◆ **DATASET**
========
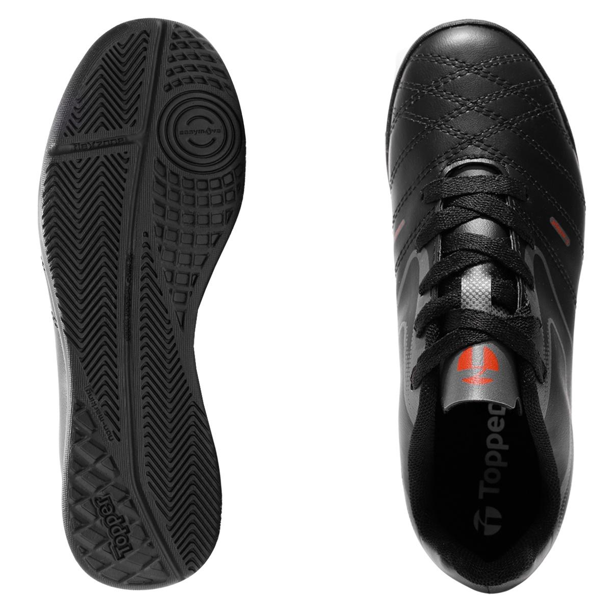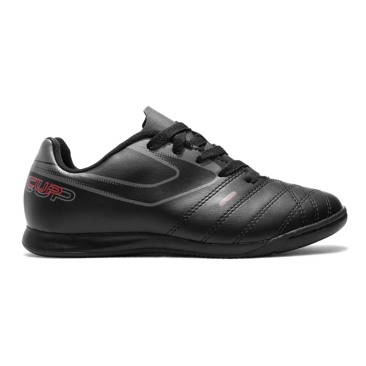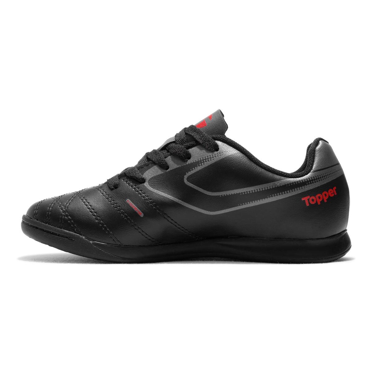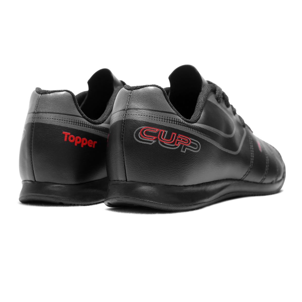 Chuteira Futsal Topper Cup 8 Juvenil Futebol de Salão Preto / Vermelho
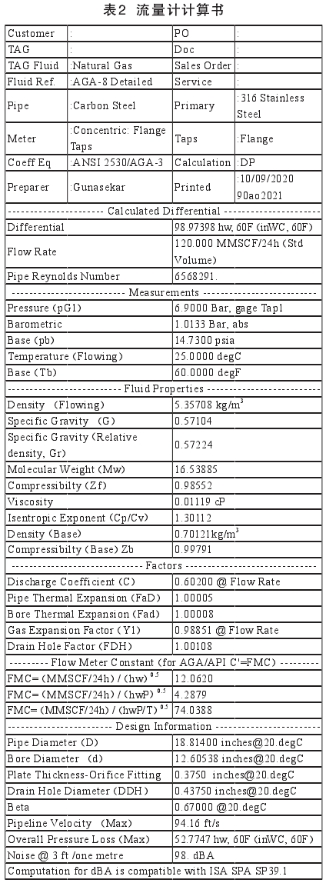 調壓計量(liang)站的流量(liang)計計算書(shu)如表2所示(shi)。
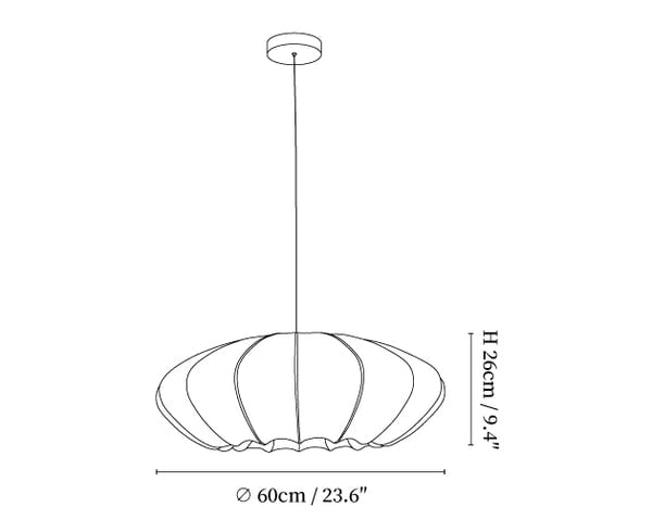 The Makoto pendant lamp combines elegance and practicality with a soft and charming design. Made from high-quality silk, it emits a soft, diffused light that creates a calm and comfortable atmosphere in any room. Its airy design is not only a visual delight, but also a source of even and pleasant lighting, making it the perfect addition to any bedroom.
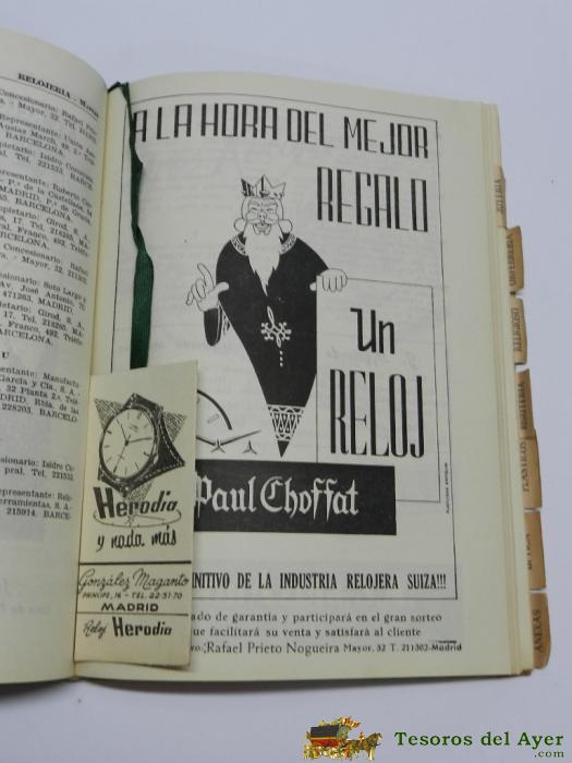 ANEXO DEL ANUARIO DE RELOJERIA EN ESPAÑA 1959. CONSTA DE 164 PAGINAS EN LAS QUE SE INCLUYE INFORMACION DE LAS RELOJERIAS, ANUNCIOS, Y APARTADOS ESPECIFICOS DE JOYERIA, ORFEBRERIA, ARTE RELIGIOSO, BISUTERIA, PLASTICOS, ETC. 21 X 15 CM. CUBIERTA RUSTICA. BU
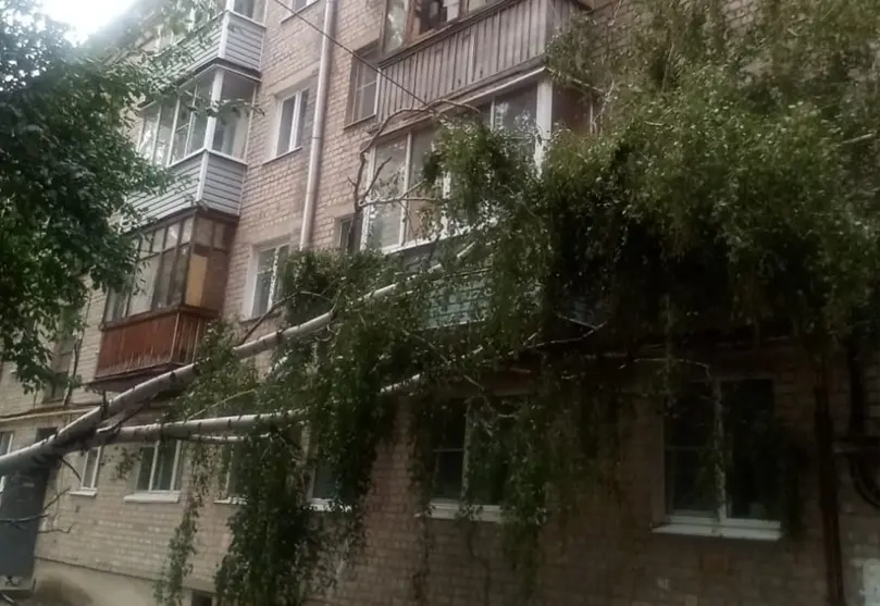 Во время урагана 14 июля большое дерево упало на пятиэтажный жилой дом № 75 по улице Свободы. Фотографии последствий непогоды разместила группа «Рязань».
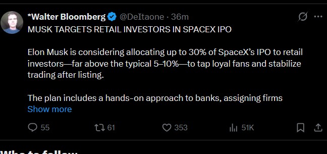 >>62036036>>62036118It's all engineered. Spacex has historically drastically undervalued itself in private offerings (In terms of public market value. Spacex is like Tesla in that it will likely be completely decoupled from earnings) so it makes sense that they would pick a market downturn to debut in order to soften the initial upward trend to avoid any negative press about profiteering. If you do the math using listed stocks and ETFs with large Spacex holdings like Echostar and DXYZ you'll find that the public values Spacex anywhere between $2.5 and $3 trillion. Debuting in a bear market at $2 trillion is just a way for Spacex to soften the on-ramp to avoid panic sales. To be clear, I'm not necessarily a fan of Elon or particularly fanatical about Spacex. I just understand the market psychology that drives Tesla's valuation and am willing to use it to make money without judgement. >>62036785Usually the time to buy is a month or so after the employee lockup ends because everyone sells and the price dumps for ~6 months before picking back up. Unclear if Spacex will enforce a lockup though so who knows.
========
Leaving out all pictures, print exactly the lines above from the one containing "ANEXO DEL ANUARIO" through the last line of the entries.

 ANEXO DEL ANUARIO DE RELOJERIA EN ESPAÑA 1959. CONSTA DE 164 PAGINAS EN LAS QUE SE INCLUYE INFORMACION DE LAS RELOJERIAS, ANUNCIOS, Y APARTADOS ESPECIFICOS DE JOYERIA, ORFEBRERIA, ARTE RELIGIOSO, BISUTERIA, PLASTICOS, ETC. 21 X 15 CM. CUBIERTA RUSTICA. BU
 Во время урагана 14 июля большое дерево упало на пятиэтажный жилой дом № 75 по улице Свободы. Фотографии последствий непогоды разместила группа «Рязань».
 >>62036036>>62036118It's all engineered. Spacex has historically drastically undervalued itself in private offerings (In terms of public market value. Spacex is like Tesla in that it will likely be completely decoupled from earnings) so it makes sense that they would pick a market downturn to debut in order to soften the initial upward trend to avoid any negative press about profiteering. If you do the math using listed stocks and ETFs with large Spacex holdings like Echostar and DXYZ you'll find that the public values Spacex anywhere between $2.5 and $3 trillion. Debuting in a bear market at $2 trillion is just a way for Spacex to soften the on-ramp to avoid panic sales. To be clear, I'm not necessarily a fan of Elon or particularly fanatical about Spacex. I just understand the market psychology that drives Tesla's valuation and am willing to use it to make money without judgement. >>62036785Usually the time to buy is a month or so after the employee lockup ends because everyone sells and the price dumps for ~6 months before picking back up. Unclear if Spacex will enforce a lockup though so who knows.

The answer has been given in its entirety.